Quizá estén contribuyendo a convencer a la gente de que, si el sistema truca sus propias reglas en asuntos tan intrascendentes, por qué no lo va a hacer también en asuntos de mayor enjundia. Como los concursos públicos de concesión de obras y servicios (esos no son tan intrascendentes, afectan de forma muy directa a nuestras vidas y nuestros bolsillos). Algún que otro mangoneo se ha descubierto, alguna que otra vez, en ese terreno, y cierto es que los responsables han visto caer sobre ellos el peso de la ley: pienso en la trama Gürtel, pienso en la trama del 3 por ciento en Cataluña. O en la causa que tiene abierta la actual presidenta del Parlament catalán por supuesta concesión de contratos públicos a un amiguete, cuando era consellera del gobierno local. Muy probablemente estos casos sean la excepción más que la regla, pero la aparición de cada uno de ellos afecta a la credibilidad de todos los demás, y del sistema mismo. Como también la afecta, sin duda, que en cosas en principio tan intrascendentes como la concesión de un premio literario privado, o la selección de la canción de Eurovisión, el pucherazo se vea como normal.Porque si es normal ahí ¿por qué no va a serlo en cualquier otra circunstancia? ¿en las elecciones legislativas, por ejemplo? ¿o en la selección de los miembros del Tribunal Supremo? ¿O en la de los miembros del Tribunal Constitucional?

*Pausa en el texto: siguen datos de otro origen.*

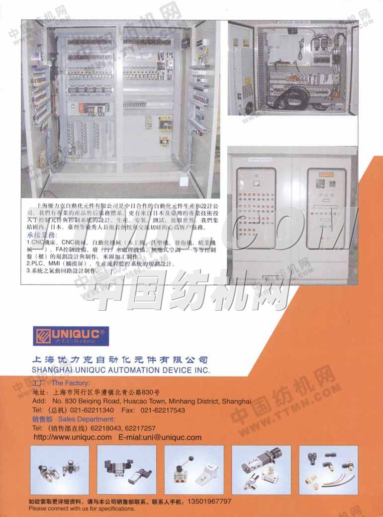 您所在的位置:紡機(jī)網(wǎng) > 紡織機(jī)械樣本庫 > 上海優(yōu)力克自動(dòng)化元件有限公司
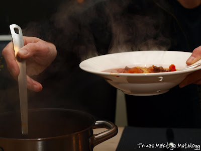 Det er hektiske tider, med krevende oppgaver på jobb med stramme tidsfrister og en hektisk hverdag for øvrig. Ettermiddagene blir korte og kveldene sene. Helgene er over omtrent før vi får satt oss nedpå, føles det nesten som. Men, selv om vi har det hektisk, så spiser vi alltid en ordentlig middag, og det er kanskje derfor en også orker et slikt tempo i hverdagen? Den siste tiden har jeg fått mer og mer sansen for supper. Supper er ikke hva det en gang var, det er sikkert og visst. Her kommer en variant av den tradisjonelle ungarske gulasjsuppen, slik jeg lager den. Til 3-4 porsjoner trenger du omtrent: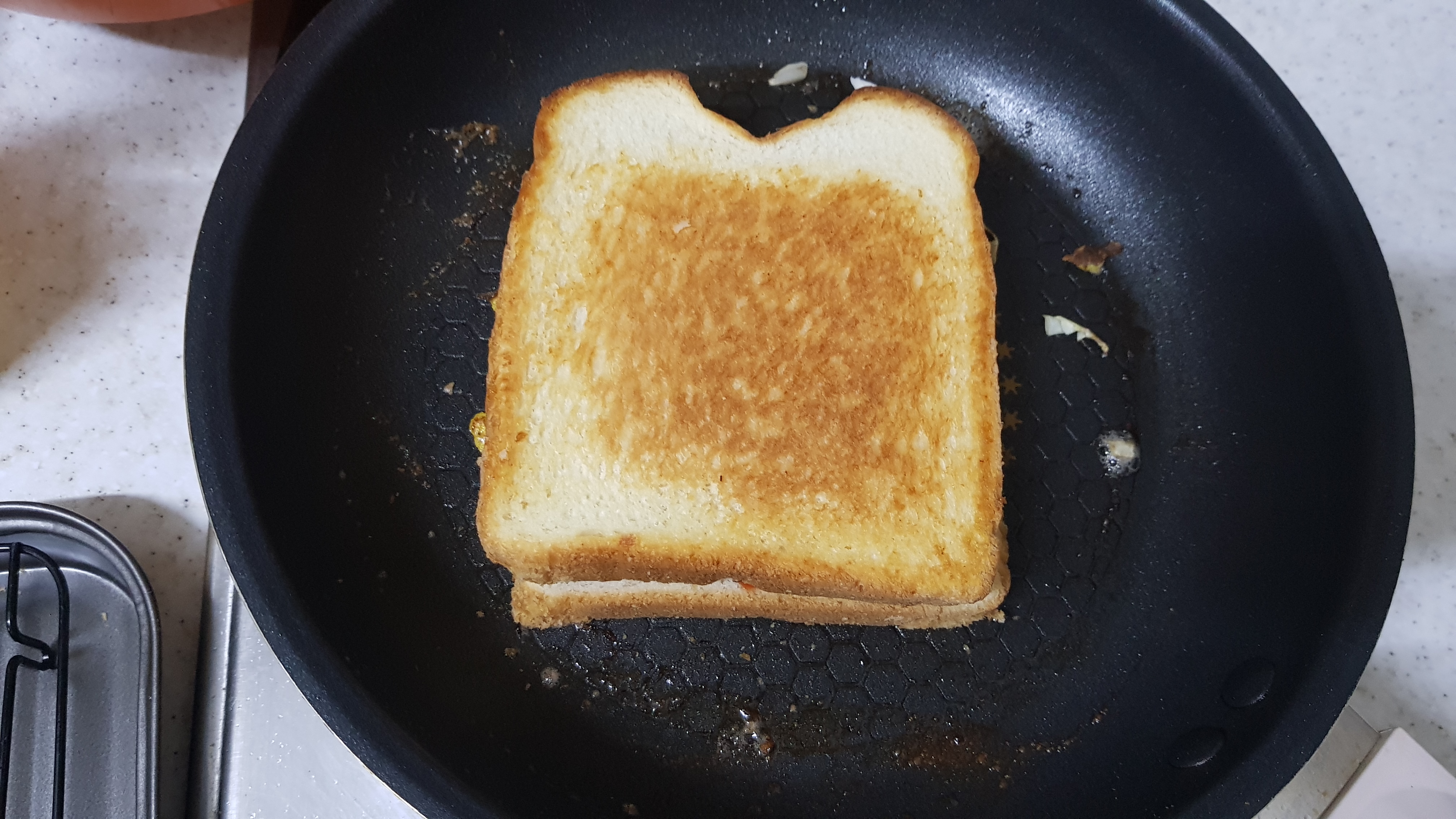 달구어진 후라이팬에 버터를 녹인 후 조립한 토스트를 굽는다. 익혀야하는 재료는 이미 준비과정에서 다 구워뒀기 때문에 치즈가 잘 녹을 수 있게 약한 불로 두번 뒤집어가며 굽는다.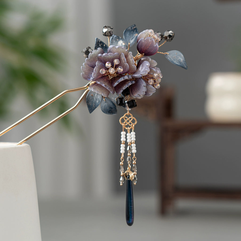 Ink Cloud Black and Purple Ancient Style Hair Stick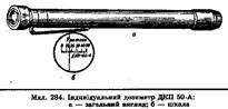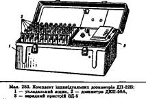 Дозиметр ДКП-50А (мал. 284) забезпечує вимірювання індивідуальних доз гамма-випромінювання в діапазоні від 2 до 50 Р при потужності експозиційної дози від 0,5 до 200 Р/год. Похибка вимірювання становить ±10 %. Принцип дії подібний до принципу дії електроскопа. Основна частина дозиметра — малогабаритна іонізаційна камера з «повітроеквівалентними» стінками, до яких підключено конденсатор з електроскопом. Під впливом гамма-випромінювання у робочому відділенні камери виникає іонізаційний струм, що зменшує потенціал конденсатора і камери. Зменшення потенціалу пропорційне експозиційній дозі опромінення. Відхилення рухомої системи електроскопа — платинової нитки — вимірюється відрахунковим мікроскопом зі шкалою, від-градуйованою у рентгенах.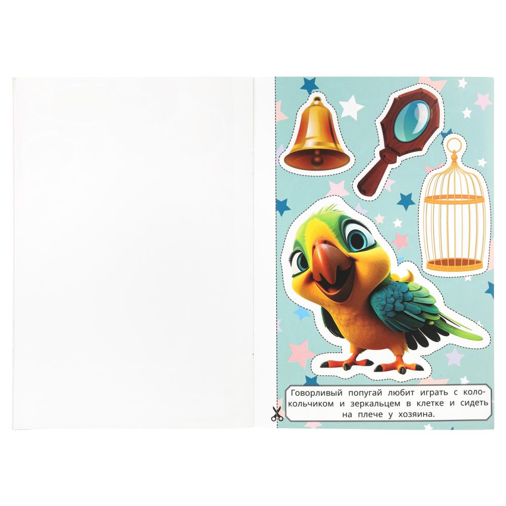 Аппликация — это увлекательная игра и полезное занятие. Ребёнок с удовольствием будет заниматься с этой яркой и интересной книжкой-активити, на страницах которой его ждут очаровательные и забавные зверята. С помощью родителей он научится пользоваться ножницами и вырезать по контурам картинки разной формы. Вырезанные элементы можно приклеить на лист бумаги, и получится красивая аппликация.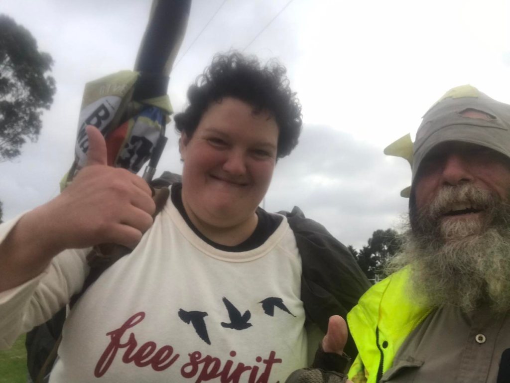 Later, about 7km out of Sale, THIS tremendous person (Kaz) approaches me. Just wearing a pair of old thongs, she walked with me for the next 2 hours, talking about every thing under the sun, pretty much.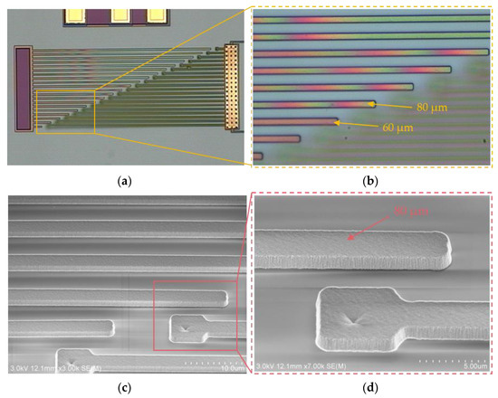 The shear strength of the Au–Si eutectic bonding was tested using a Dage Series 4000 Bondtester (Nordson TEST & INSPECTION, Aylesbury, Buckinghamshire, UK), and the test structure is shown in Figure 4a. The area of the metal electrodes used for the Au–Si eutectic bond was approximately 0.34 . The shear strength of the bonded test structure was approximately 30.74 MPa. To estimate the temporary bonding strength caused by stiction, the tips of silicon nitride cantilever beams with a length larger than 80 μm were then bonded to the substrate after the designed test structures shown in Figure 4b were placed in deionized (DI) water for 24 h and dried at room temperature for 24 h. The optical microscopic and SEM views of the cantilever beams are shown in Figure 19a–d, respectively. As the designed distance between the silicon nitride cantilever beams and substrate was 1 μm, using Equation (6), the temporary bonding strength can be calculated to be larger than 7.06 kPa and less than 22.31 kPa. Due to the bonding strength of the transferred tactile sensors are much larger than the temporary bonding strength caused by stiction, the tactile sensors can be easily transferred to the reroute substrate, and the yield of the transferred tactile sensors is as high as 90%.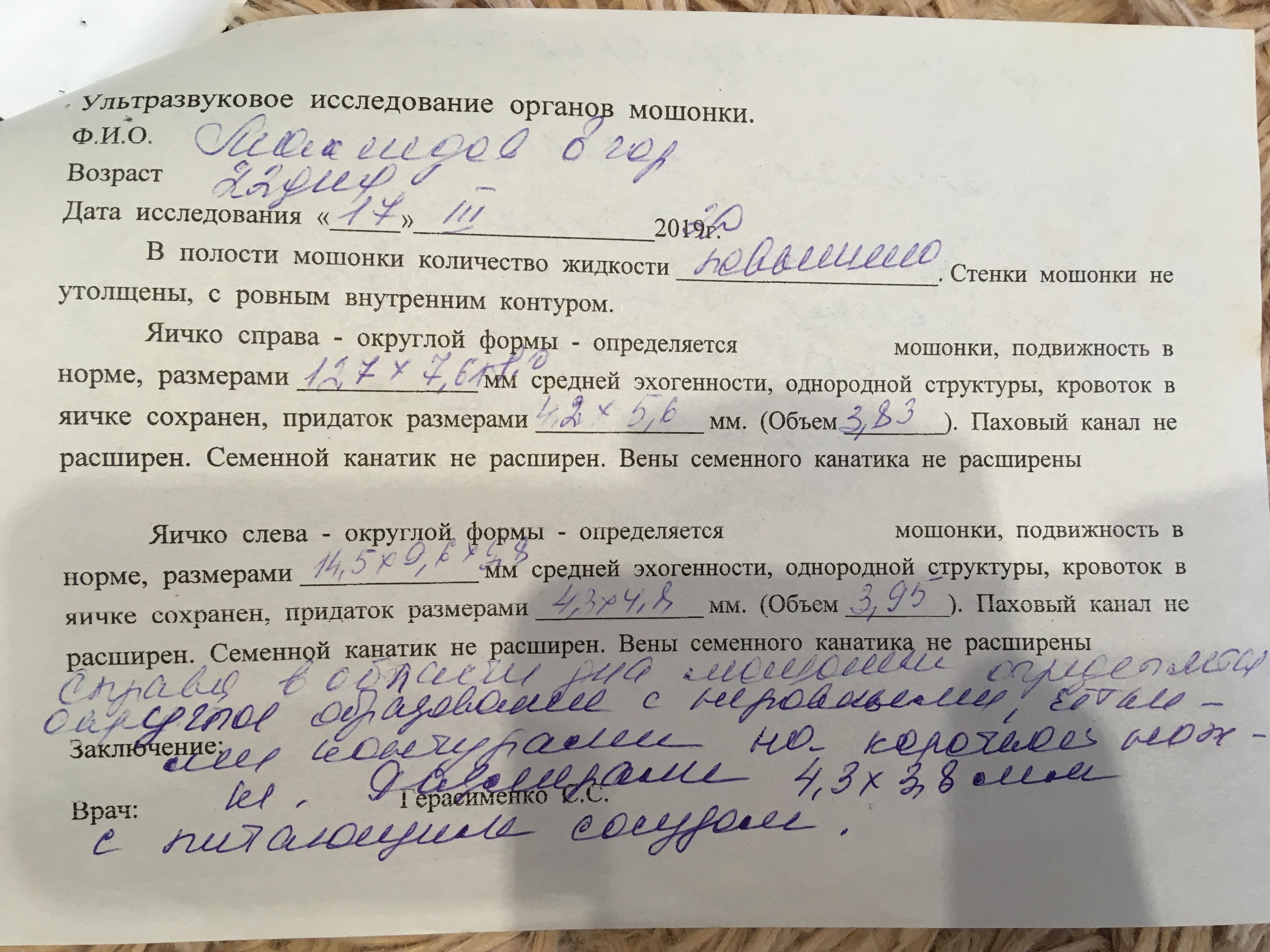 Прилагаю расшифровки узи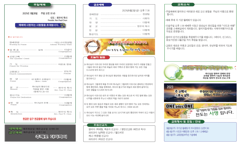 2023년 5월28일 주보안내 페이지 정보 작성자 뉴비전교회 조회 367회 작성일 23-06-18 08:24 목록 본문 2023년 5월28일 주보안내 이전글2023년 6월4일 주보안내 23.06.18 다음글2023년5월21일 주보안내 23.05.21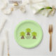 This awesome paper party plate features a graphic image of three trees that resemble palm trees with large green leafy fronds and a sturdy brown tree trunk. There is a message in brown text to look like soil under the trees. The message says Happy Earth Day.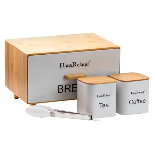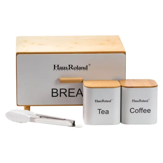 Набор для хранения продуктов Haus Roland - это стильное и функциональное решение для организации кухонного пространства. В комплект входят вместительная хлебница, две баночки и кухонные щипцы, обеспечивающие оптимальное хранение и легкий доступ к вашим продуктам. Характеристики: Материал: Нержавеющая сталь, бамбук Размеры хлебницы: 35,5 × 24 × 18 см Высота банок: 12,5 см Объем банок: 1 литр Преимущества: Хлебница с бамбуковым корпусом: Хлебница изготовлена из бамбука и имеет плотное закрытие, что позволяет надолго сохранить свежесть хлебобулочных изделий и другой сдобы. Бамбук добавляет эстетики и натурального вида, а также легко чистится. Банки из нержавеющей стали: Банки изготовлены из высококачественной нержавеющей стали, которая не впитывает запахи, легко чистится и не влияет на содержимое. Крышки банок оснащены силиконовыми уплотнителями, обеспечивающими защиту от влаги и посторонних запахов. Кухонные щипцы: Щипцы дополняют набор, обеспечивая удобный доступ к продуктам и их обработку. Стильный дизайн: Все предметы имеют современный и элегантный вид, что позволяет им гармонично вписаться в любой кухонный интерьер. Уход: Мойте в теплой воде с мягким моющим средством. Протирайте сухой тканью после мытья. Не используйте абразивные средства для чистки. Этот набор станет практичным и стильным дополнением любой кухни, помогая поддерживать порядок и сохранять свежесть ваших продуктов.

Que la canción elegida para Eurovisión no sea la que surgió de la votación popular no tiene ninguna importancia, ni reviste ninguna gravedad. Lo grave es que, procediendo así, se desacredita el concepto de “votación popular”. Que en un premio literario se premie la obra que le conviene al convocante y no la que elige el jurado según criterios supuestamente meritocráticos tampoco tiene mayor importancia, ni reviste mayor gravedad. Lo grave es que, aceptándolo, se desacredita el concepto mismo de meritocracia. Y se normaliza la deshonestidad, y se contribuye a vaciar de valores éticos la sociedad abierta y democrática. Y cuando la sociedad abierta y democrática se vacía de valores éticos, se va abriendo la puerta tras la que aguarda el fascismo, que otra cosa no será, pero honesto, al menos en apariencia, sí. Y esa puerta ya está tan abierta que el fascismo tiene más de una pierna dentro.
Por eso la sociedad abierta y democrática debería apegarse a sus principios éticos con firmeza. Y no permitir que se transgredan ni siquiera en cuestiones tan nimias e intrascendentes como la elección de una cancioncilla kleenex o una novelita kleenex, condenadas a un fugaz momento de gloria seguido del eterno olvido. Porque no es una cuestión de qué cancioncilla es mejor. Es una cuestión de… eso mismo, de principios.